Directions for this task
From the line with "最初の目的地、奈良公園・東大寺の見学をしました。" to the line with "大露背深u型文胸美背内衣v领女大胸显小可外穿无痕吊带细肩带黑色", output every line below exactly, both ends included. Skip the pictures.

────────────────────

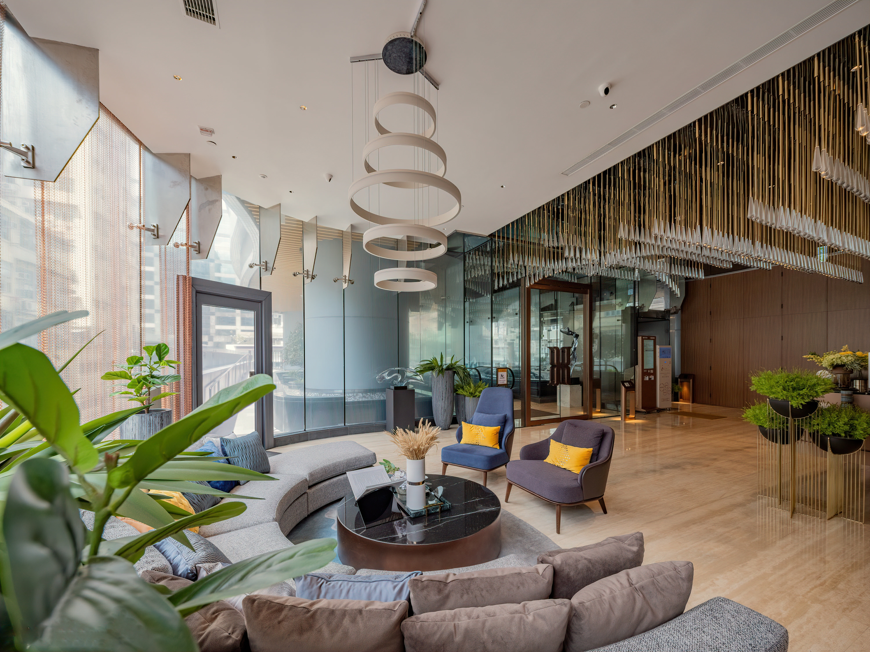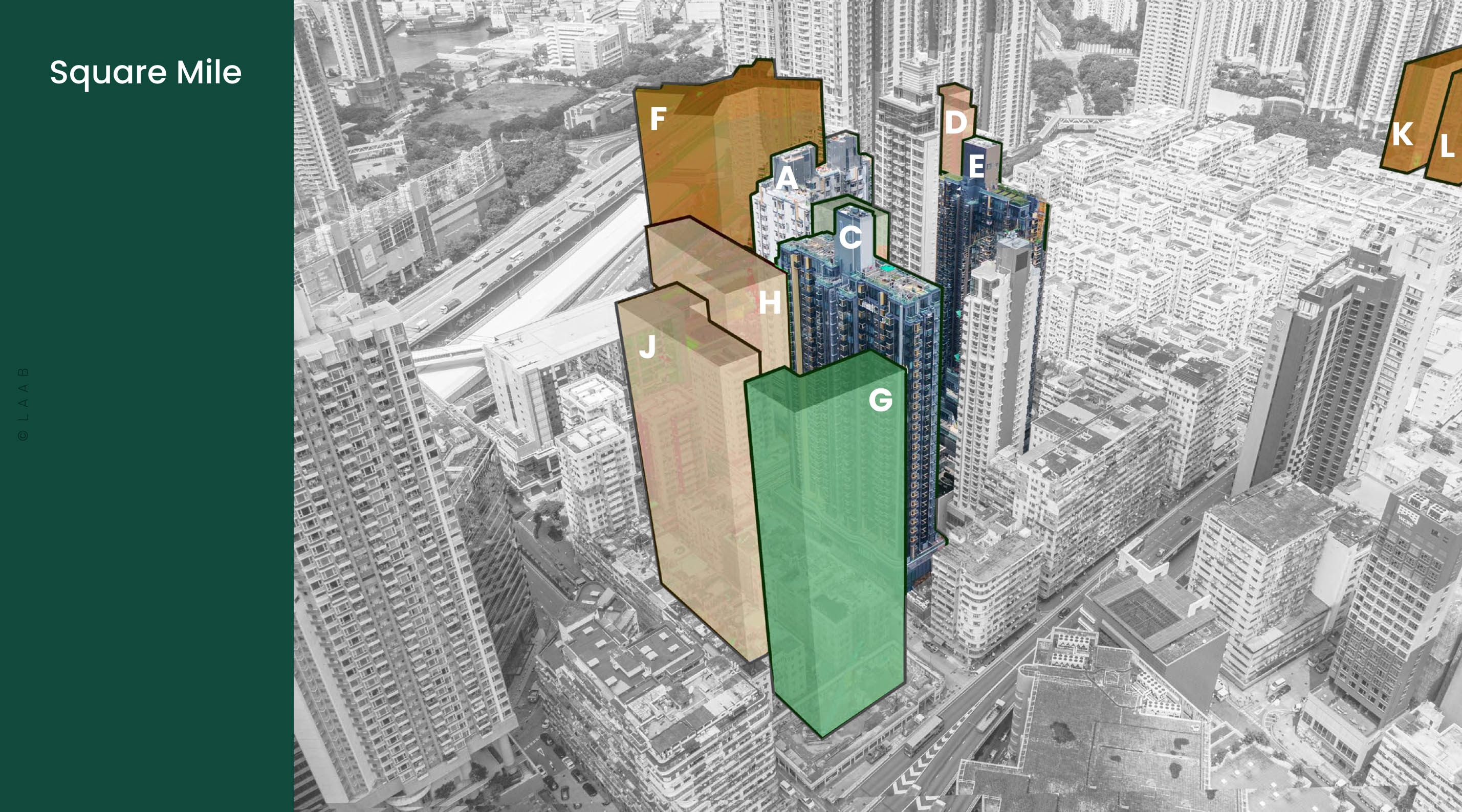 Square Mile is a major urban renewal project in Hong Kong, which is being developed in phases. At lower levels hosting most clubhouse facilities, it features a curvilinear architectural design.
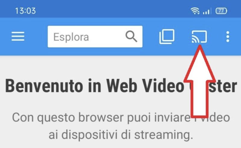 - nell'app Web Video Caster su Android, clicca sul pulsante di condivisione che si trova in alto a destra (quello indicato dalla freccia nell'immagine seguente)
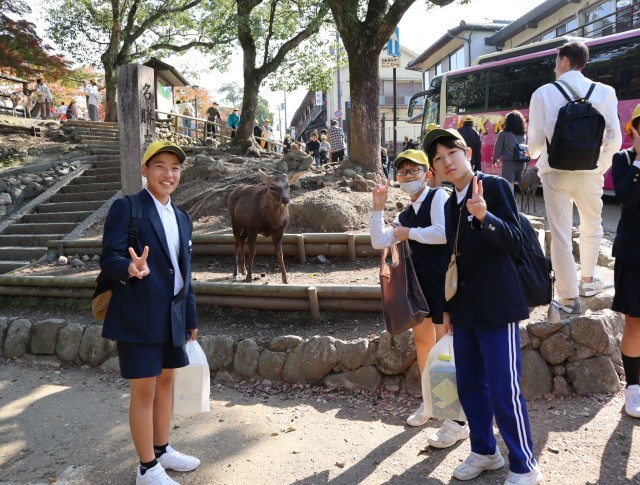 最初の目的地、奈良公園・東大寺の見学をしました。
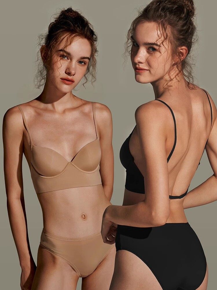 大露背深u型文胸美背内衣v领女大胸显小可外穿无痕吊带细肩带黑色
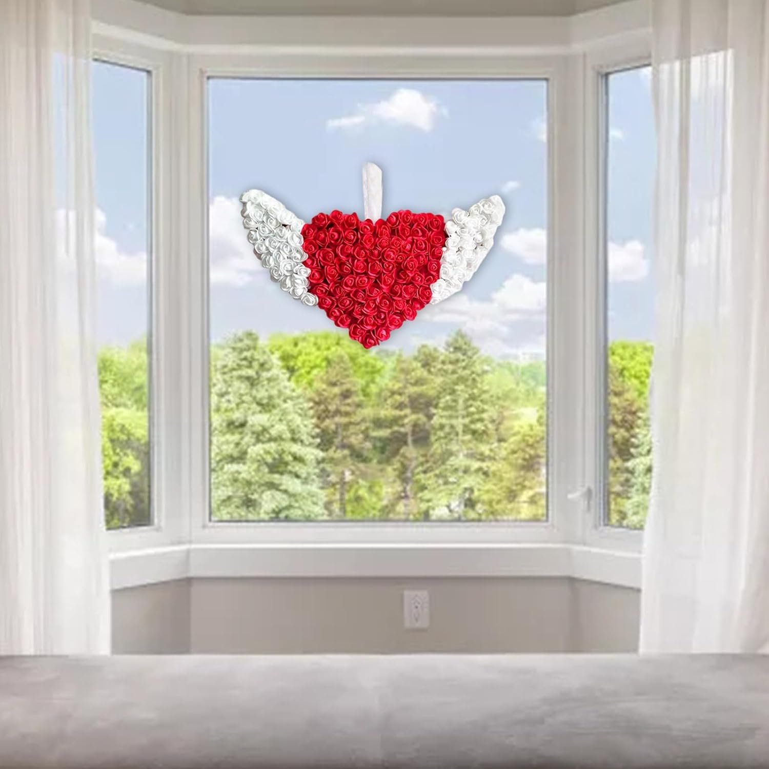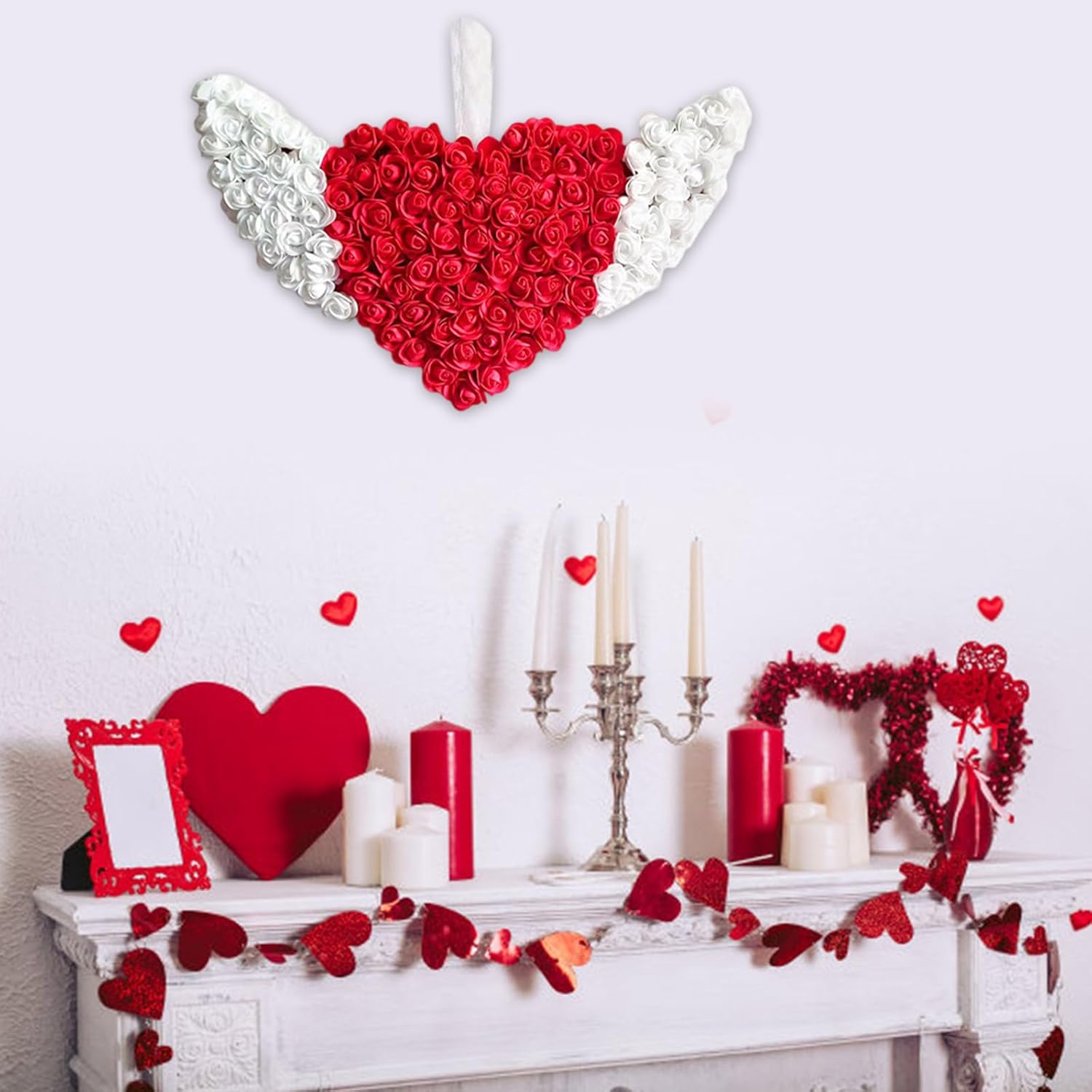 Adatto per coppie e coniugi che cercano di esprimere il loro amore per San Valentino, casalinghe che cercano di migliorare il loro spazio vitale e organizzatori di eventi che mirano a decorazioni distintive Festeggia l'amore con la nostra ghirlanda di San Valentino a forma di cuore lunare, una combinazione unica di simboli di luna e cuore che aggiunge un tocco romantico a qualsiasi ambiente, per migliorare le atmosfere di San Valentino Ogni ghirlanda è meticolosamente realizzata a mano, mostrando squisiti dettagli che riflettono un valore artistico unico, migliorando l'eleganza di qualsiasi ambiente con i suoi design sofisticati per la festa di San Valentino, decorazione della casa in salotti o camere da letto, allestimenti di nozze e occasioni di festa, elevando istantaneamente l'atmosfera Realizzata in schiuma e tessuto, questa ghirlanda garantisce una bellezza duratura senza sbiadire o deformarsi, rendendola ideale per la decorazione della casa
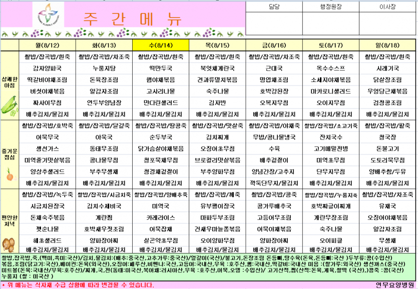 8월2주차식단 페이지 정보 작성자 영양팀장 댓글 0건 조회 131회 작성일 24-08-08 10:29 목록 본문 8월2주차식단 이전글8월3주차식단 24.08.16 다음글8월1주차식단 24.08.05
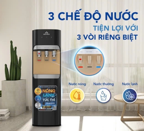 Cây nước nóng lạnh Hoà Phát HHC388 có tối đa lên tới 3 chế độ nước “Nóng – Nguội – Lạnh” với 3 vòi riêng biệt, đa công năng phù hợp với nhiều nhu cầu sử dụng như nước nóng pha trà hay cà phê, pha mì tôm, nước lạnh giải khát, nước nguội uống ngay,… Đây là phiên bản mới và hiện đại nhất trên thị trường hiện nay.

────────────────────

Reply
 最初の目的地、奈良公園・東大寺の見学をしました。
 大露背深u型文胸美背内衣v领女大胸显小可外穿无痕吊带细肩带黑色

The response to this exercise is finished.